[Items from a dataset]
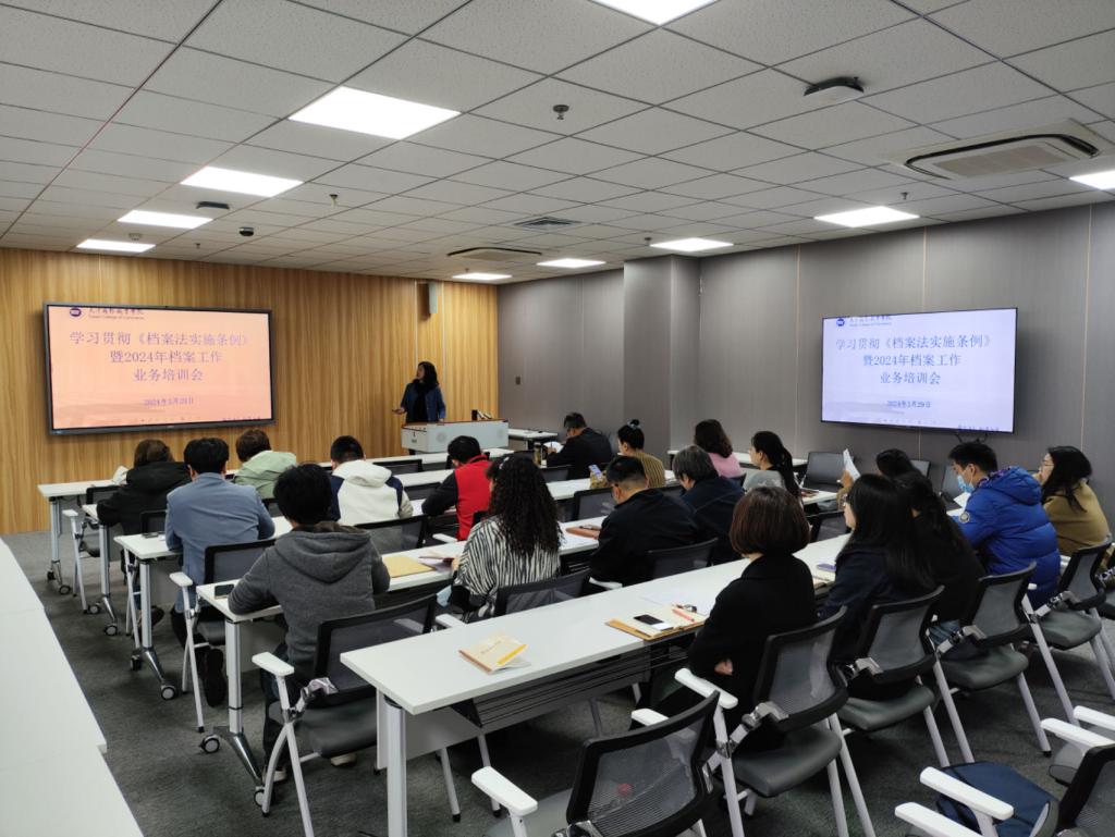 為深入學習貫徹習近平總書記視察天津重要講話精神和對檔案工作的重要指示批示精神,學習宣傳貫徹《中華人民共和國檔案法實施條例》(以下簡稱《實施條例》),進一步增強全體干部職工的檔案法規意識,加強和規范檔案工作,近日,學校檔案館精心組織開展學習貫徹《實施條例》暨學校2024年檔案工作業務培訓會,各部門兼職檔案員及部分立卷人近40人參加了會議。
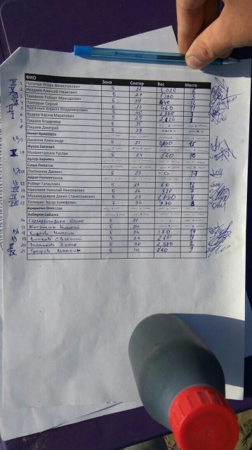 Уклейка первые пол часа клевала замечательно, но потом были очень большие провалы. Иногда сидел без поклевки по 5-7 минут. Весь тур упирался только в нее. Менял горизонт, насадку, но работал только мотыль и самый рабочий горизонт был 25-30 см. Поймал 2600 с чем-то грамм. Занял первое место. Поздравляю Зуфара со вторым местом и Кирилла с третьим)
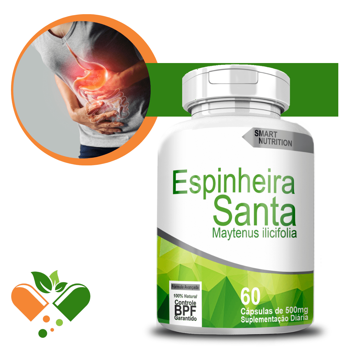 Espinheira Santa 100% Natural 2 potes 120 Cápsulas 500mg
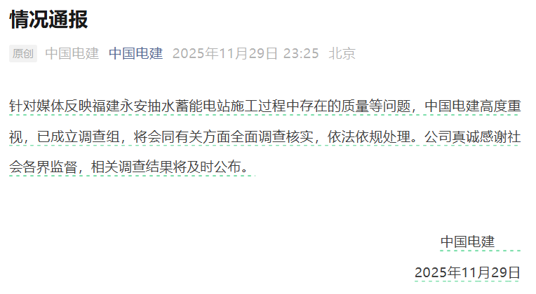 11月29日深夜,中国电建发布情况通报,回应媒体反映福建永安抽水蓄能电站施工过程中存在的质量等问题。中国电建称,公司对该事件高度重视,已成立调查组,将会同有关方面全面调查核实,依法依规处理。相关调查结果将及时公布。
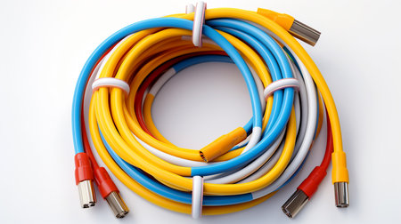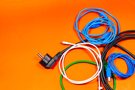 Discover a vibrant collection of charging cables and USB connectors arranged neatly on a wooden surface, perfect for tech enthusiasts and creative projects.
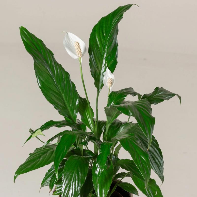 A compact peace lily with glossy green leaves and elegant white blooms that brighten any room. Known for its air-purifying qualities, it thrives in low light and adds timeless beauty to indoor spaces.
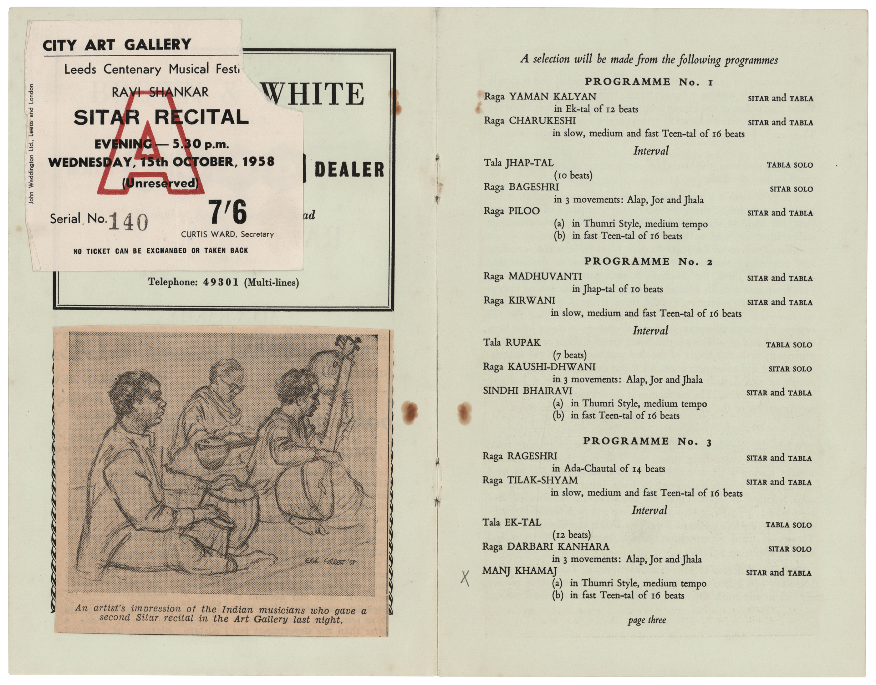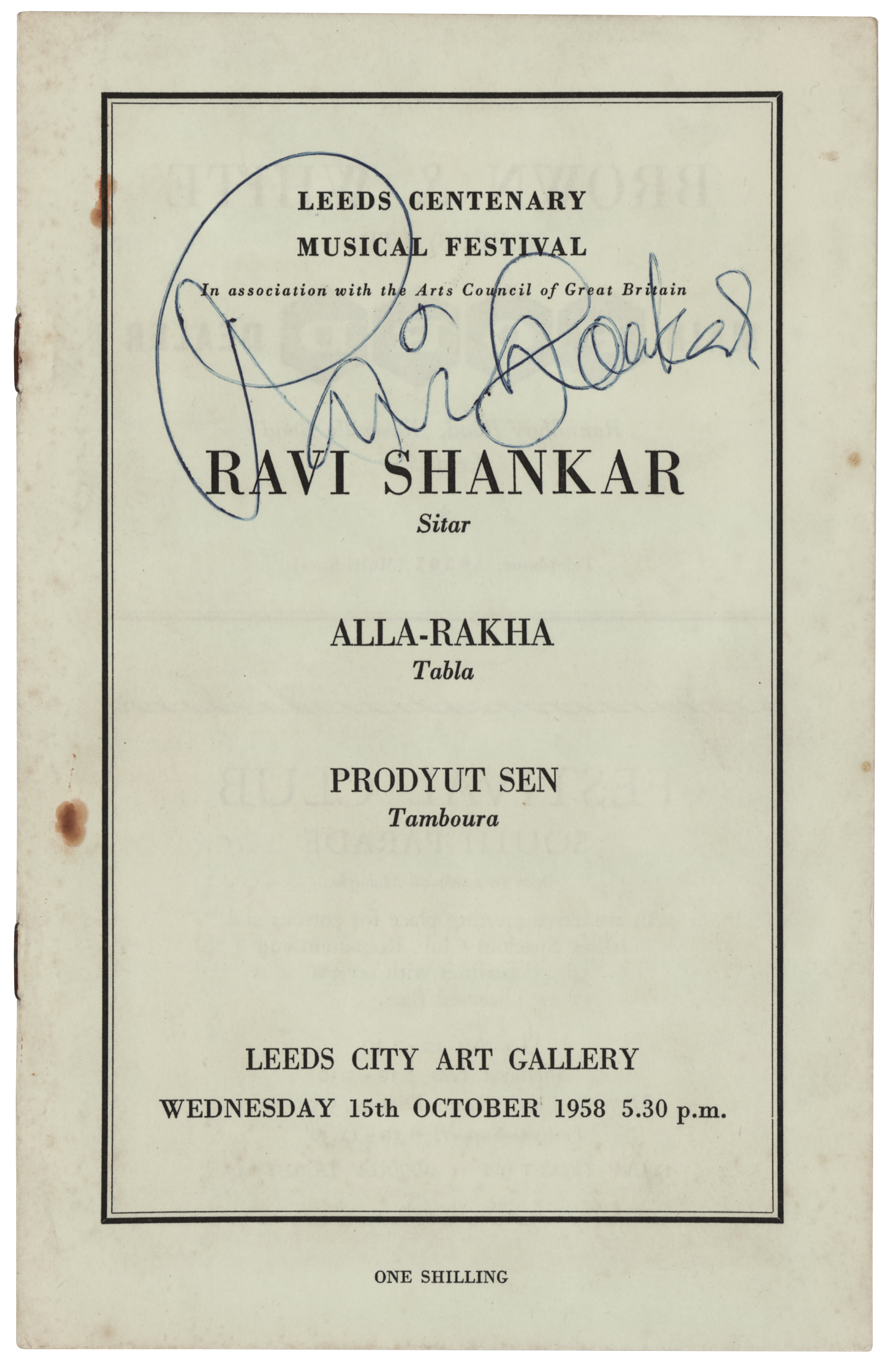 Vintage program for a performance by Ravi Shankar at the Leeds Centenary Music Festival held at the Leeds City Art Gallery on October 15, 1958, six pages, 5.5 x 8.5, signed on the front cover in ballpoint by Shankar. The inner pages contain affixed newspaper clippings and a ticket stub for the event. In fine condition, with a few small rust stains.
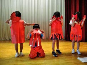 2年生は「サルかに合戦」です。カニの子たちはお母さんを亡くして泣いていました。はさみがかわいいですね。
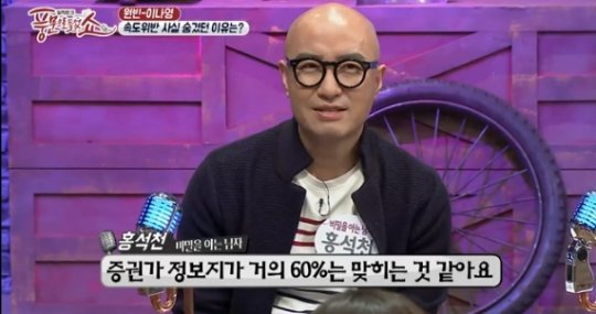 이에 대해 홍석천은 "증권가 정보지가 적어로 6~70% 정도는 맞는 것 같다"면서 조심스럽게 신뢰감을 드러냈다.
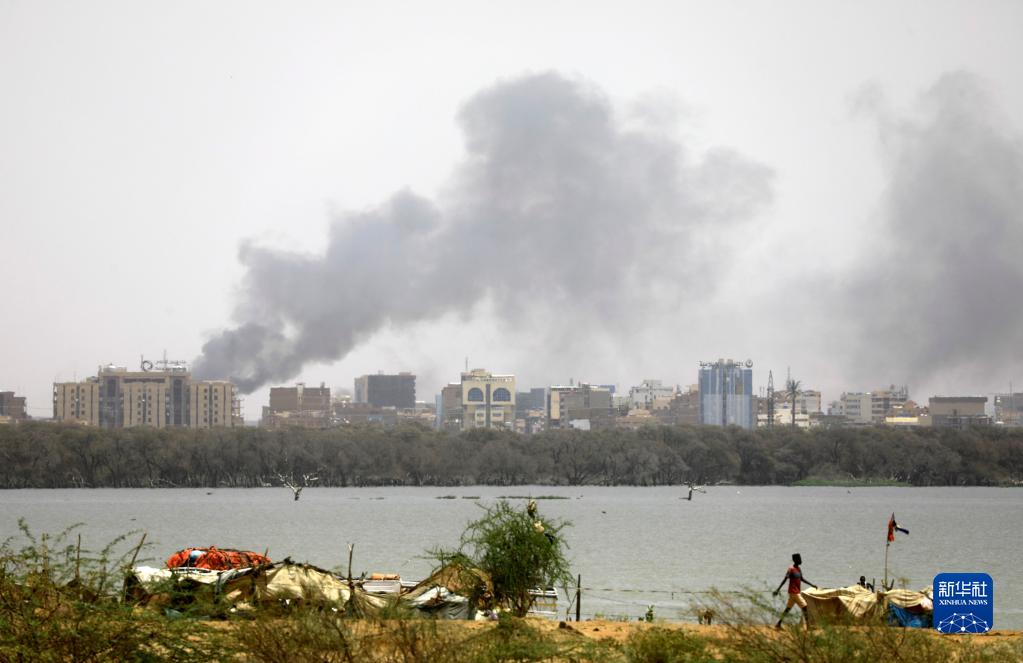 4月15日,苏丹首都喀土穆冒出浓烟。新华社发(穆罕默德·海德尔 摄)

*BRIEF*
Please print the lines above word for word, starting at the one with "11月29日深夜,中国电建发" and ending at the one with "A compact peace", both included, and without any picture.

*RESPONSE BELOW*
 11月29日深夜,中国电建发布情况通报,回应媒体反映福建永安抽水蓄能电站施工过程中存在的质量等问题。中国电建称,公司对该事件高度重视,已成立调查组,将会同有关方面全面调查核实,依法依规处理。相关调查结果将及时公布。
 Discover a vibrant collection of charging cables and USB connectors arranged neatly on a wooden surface, perfect for tech enthusiasts and creative projects.
 A compact peace lily with glossy green leaves and elegant white blooms that brighten any room. Known for its air-purifying qualities, it thrives in low light and adds timeless beauty to indoor spaces.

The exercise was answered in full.